Quantitative tools for video analysis
Traditional approaches to analyzing video data have involved researchers watching video playback and noting the times and locations of specific events of interest. These analyses are very time-consuming, require expert knowledge in the target species and experimental design, and are prone to user bias (Anderson and Perona, 2014). Video recordings are often made for many different animals and behavioral test sessions, but only reviewed for a subset of experiments. Complete sets of videos are rarely made accessible in published studies and the analysis methods are often vaguely described. There are variations in scoring criteria across researchers and labs, even over time by a single researcher. Collectively, these issues present major challenges for research reproducibility and the difficulty and cost of manual video analysis has led to the dominance of easy-to-use measures (lever pressing, beam breaks) in the neuroscience literature, and this has limited our understanding of brain-behavior relationships (Krakauer et al., 2017).

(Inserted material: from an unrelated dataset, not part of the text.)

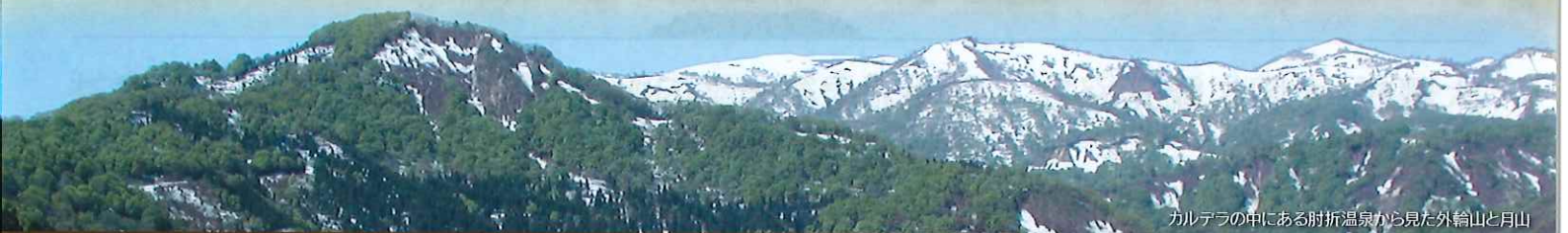
カルデラの中にある肘折温泉から見た外輪山と月山

授業内容 「山菜学」、「山菜の調理・保存学」、「山菜学実習」(わらび採体験)、「山菜給食」

For example, ‘reward seeking’ has been a popular topic in recent years and is typically measured using beam breaks between response and reward ports located inside an operant arena (e.g., Cowen et al., 2012; Feierstein et al., 2006; Lardeux et al., 2009; van Duuren et al., 2009). By relying only on the discrete times when animals make a choice and receive a reward, it is not possible to describe how the animal moves during a choice or how it collects a reward. Animals may not move in the same way to a reward port when they expect a larger or smaller reward (e.g., Davidson et al., 1980). This could lead to, for example, a neural recording study labeling a cell as ‘reward encoding’ when it actually reflects differences in movement.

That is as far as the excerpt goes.